When you save, you pay yourself. Depending on where you open a high-yield savings account, the bank or credit union will also pay you, too, with interest.

While most big banks are offering savings rates under 0.1 percent APY, many other high-yielding banks — often online banks — currently have savings accounts with rates over 4 percent APY and charge little to no fees.

You may also find that some savings accounts have tier-based interest rates, meaning you can qualify for higher rates with a greater account balance.

Features

You will likely have a range of saving needs. With that in mind, compare the functionality of different savings accounts.

For example, some banks offer the convenience of creating sub-savings accounts that can make a big difference with your mental accounting. One sub-account might be named “vacation fund” while another is “tuition fund.” This can help you distinguish between saving for different purposes.

Expert advice: How to maximize your savings account

Developing strong financial habits is key to getting the most out of your savings account. Here are some strategies to help you get started on your savings journey:

  • Make saving a routine: Automate the process to stay consistent. Ask your employer to directly deposit a portion of your paycheck into your savings account, or set up monthly transfers from your checking account. This “set-it-and-forget-it” approach ensures you will continue to save — without having to think about it again.
  • Save more early on: If you’re just starting out, saving at least 10 to 15 percent of your income — or more if your budget allows — can lay the groundwork for long-term financial success. As your earnings grow over your career, larger contributions and the power of compound interest will help your savings grow significantly.
  • Leverage unexpected savings opportunities: Look for ways to boost your savings when surprise cash comes your way, such as tax refunds, gifts or even small amounts saved from using coupons. Resisting the urge to spend unexpected money right away can play a key part in growing your savings account over time.
  • Reassess your savings goals regularly: Your savings needs change as you progress through life. For example, your emergency fund that covers six months of expenses will likely be much lower when you’re a single 20-something compared to when you’re 55 with kids in college. The target for your savings will always be moving. Make sure you’re adjusting your strategy to maintain the cushion you need to cover any unplanned costs.

Frequently asked questions (FAQs)

Can I open just a savings account?

Yes, you can generally open a savings account without any additional bank accounts. However, having additional bank accounts, such as a checking account (even if it’s at a different bank), will make funding your savings account easier.

What types of savings accounts are available?

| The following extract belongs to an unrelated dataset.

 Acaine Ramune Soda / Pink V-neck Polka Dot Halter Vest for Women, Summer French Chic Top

The two most common types of savings accounts available are traditional savings accounts and high-yield savings accounts. Traditional savings accounts, typically offered by big-name brick-and-mortar banks, often pay you a fraction of a percent in interest on your money. High-yield savings accounts, on the other hand, are usually offered by online banks and financial institutions, which can offer you higher interest rates.

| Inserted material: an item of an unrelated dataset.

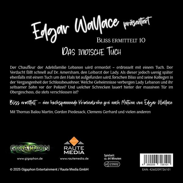 Bliss ermittelt - eine hochspannende Kriminalreihe frei nach Motiven von Edgar Wallace. Der Chauffeur der Adelsfamilie Lebanon wird ermordet - erdrosselt mit einem Tuch. Der Verdacht fällt schnell auf Dr. Amersham, den Leibarzt der Lady. Als dieser jedoch wenig später ebenfalls mit einem Tuch um den Hals tot aufgefunden wird, forschen Bliss und seine Kollegen in der Vergangenheit der Schlossbewohner. Welche Geheimnisse verbergen Lady Lebanon und ihr seltsamer Sohn vor der Polizei? Und welcher Schrecken lauert hinter der massiven Tür im Obergeschoss, die stets verschlossen ist?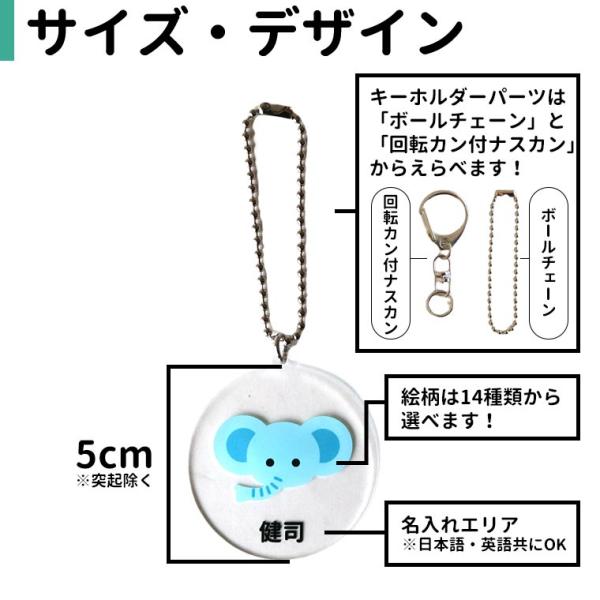 動物の顔が大きくプリントされているから文字の読めないお子さまにも見つけやすいお名前キーホルダー!

Is there a minimum deposit required to open a savings account?

The typical minimum deposit required to open a savings account is between $25 and $100, but a lot of banks and financial institutions don’t have this requirement at all. However, it’s worth noting that you may have to maintain certain balance requirements on your savings account to avoid fees and earn the best interest rates.

Will opening a savings account affect my credit score?

Opening a savings account should not affect your credit score. Since you are not borrowing money, the bank does not need to pull your credit report.

Bottom line

Opening a savings account doesn’t require much work whether it’s an online or traditional bank account, as long as you come to your local branch with documents prepared or have them ready to upload or enter if applying online. What typically requires more work is the research you put into finding the right account. But it pays to find the best savings account to suit your needs and earn an attractive rate.